We have a client/server communication system over UDP setup in windows. The problem we are facing is that when the throughput grows, packets are getting dropped. We suspect that this is due to the UDP receive buffer which is continuously being polled causing the buffer to be blocked and dropping any incoming packets. Is it possible that reading this buffer will cause incoming packets to be dropped? If so, what are the options to correct this? The system is written in C. Please let me know if this is too vague and I can try to provide more info. Thanks!
The default socket buffer size in Windows sockets is 8k, or 8192 bytes. Use the setsockopt Windows function to increase the size of the buffer (refer to the SO_RCVBUF option).
But beyond that, increasing the size of your receive buffer will only delay the time until packets get dropped again if you are not reading the packets fast enough.
Typically, you want two threads for this kind of situation.
The first thread exists solely to service the socket.

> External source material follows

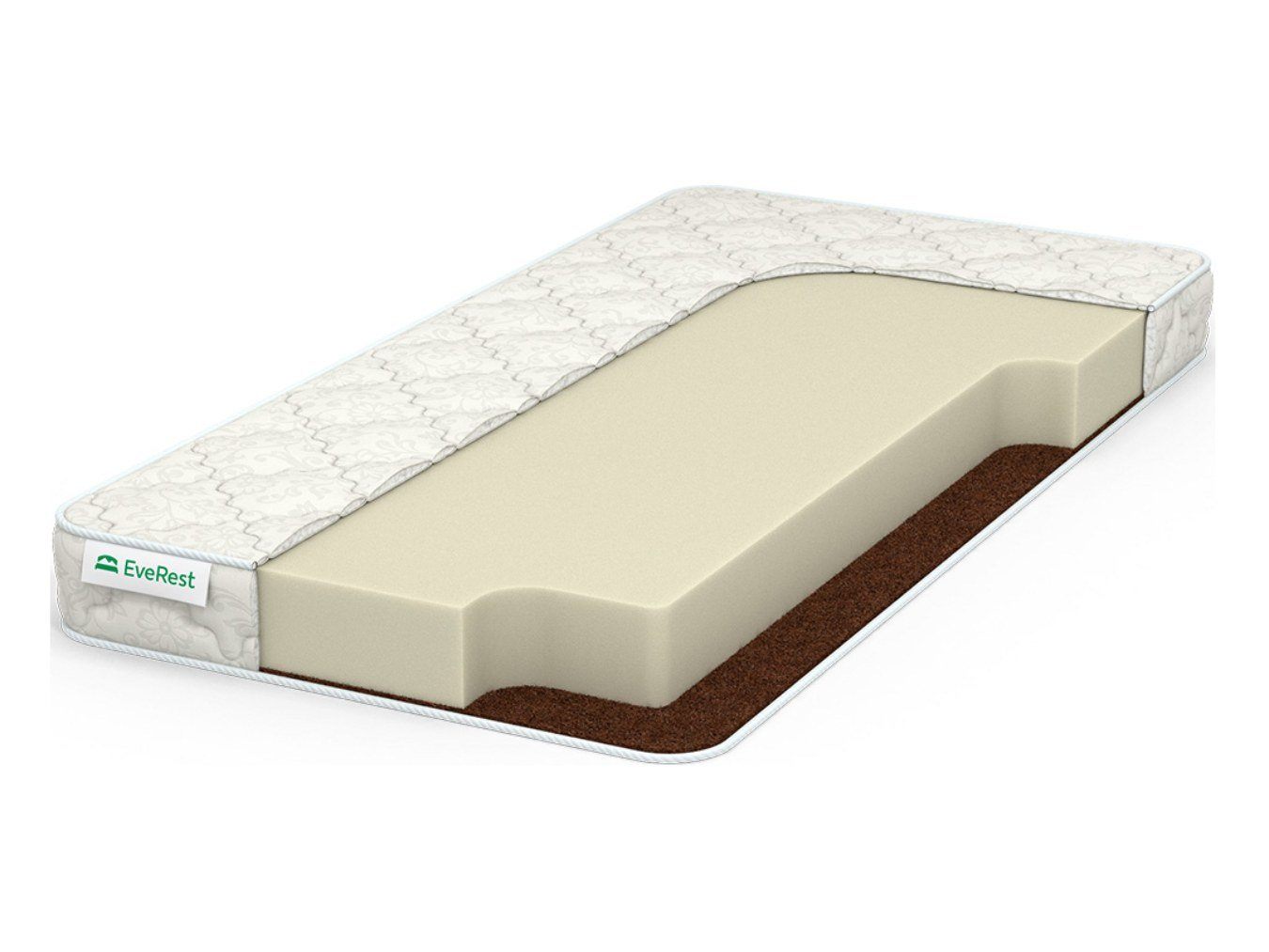 Вторым слоем расположена койра кокоса. Тонкая 1 см плита обеспечивает выраженную жёсткость и плотность. Благодаря высокой эластичности слой великолепно удерживает спину, дублируя её естественные линии. По этой причине натуральная койра кокоса относится к ортопедическим материалам, которые правильно разгружают и расслабляют позвоночник на протяжении всего отдыха.

In other words, the thread's sole purpose is to read a packet from the socket, add it to some kind of properly-synchronized shared data structure, signal that a packet has been received, and then read the next packet.
The second thread exists to process the received packets. It sits idle until the first thread signals a packet has been received. It then pulls the packet from the properly-synchronized shared data structure and processes it. It then waits to be signaled again.
As a test, try short-circuiting the full processing of your packets and just write a message to the console (or a file) each time a packet has been received. If you can successfully do this without dropping packets, then breaking your functionality into a "receiving" thread and a "processing" thread will help.